There are two versions of g09 on the cluster. Revision c01 and d01.
Please see Gaussian example on GitLab for some examples and scripts related to Gaussian.
To optimize the run, you can add some lines in your job file. If you need more than 190 GB of scratch space, you should add the line (adapt /home/yourusername to your own path):
%RWF=/scratch/,170GB,/home/yourusername/scratch/,-1
You may as well specify how much memory you want to use. By default, Gaussian will use 250MB of ram. You can try with 50GB for example:
%Mem=50GB
You need to specify as well how many CPU cores you want to use:
%NProcShared=16
Git
To use git on the cluster you need to do the following:
Add that to your ${HOME}/.gitconfig:
[core] createObject = rename
To invoke git:
git clone --no-hardlinks
Gnuplot
Usage :
gnuplot
Gurobi
NB , the following instructions come from <https://hpc-community.unige.ch/t/gurobi-solver-license-issue/459>.
We provide an internal Gurobi token server, here how to use it:
capello@login2:~$ module load Gurobi capello@login2:~$ gurobi_cl --tokens Checking status of Gurobi token server 'master.cluster'... Token server functioning normally. Maximum allowed uses: 4096, current: 0 capello@login2:~$
Jupyter notebook
Jupyter notebook can run on our clusters, however we do not have a dedicated server for Jupyter. This means you need to submit a job and request some resources before you can connect to your instance of Jupyter notebook.

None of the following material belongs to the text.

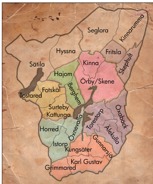
Illustration 4:1. Socknar i Marks härad

Please, read : [tutorial] Jupyter notebook
interactive-cpu partition (Which partition for my job)
Keras
Please see Keras on gitlab for some examples and scripts related to Keras
Mathematica
If you would like to use a different license server (by default mathlm.unige.ch), you can specify its URL in the ${HOME}/.Mathematica/Licensing/mathpass file, prependend by an exclamation mark:
capello@login2:~$ MATHEMATICA_LICENSE_SERVER_URL=mathlm.unige.ch
capello@login2:~$ mkdir -p ~/.Mathematica/Licensing/
capello@login2:~$ cat <<EOF >~/.Mathematica/Licensing/mathpass
!${MATHEMATICA_LICENSE_SERVER_URL}
EOF
capello@login2:~$ cat ${HOME}/.Mathematica/Licensing/mathpass
!mathlm.unige.ch
capello@login2:~$
See http://support.wolfram.com/kb/25655 and http://support.wolfram.com/kb/112 for more information.
Matlab
Matlab is available in Baobab in different versions:
$ module spider matlab
-----------------------------------------------------------------------------------
matlab:
-----------------------------------------------------------------------------------
Versions:
matlab/2017b
matlab/2018b
matlab/2019b
Keep in mind that it's a licensed program, and that the licenses are shared with the whole university. To be fair with the other users, we have set up a limitation on the number of licenses you can use. We kindly ask you to specify in your sbatch file that you are using Matlab in order to keep the limitation effective. If you are using some licensed toolbox, like Wavelet_Toolbox, you need to specify it as well. If you don't, your job may be killed without further notice in case we are out of licenses.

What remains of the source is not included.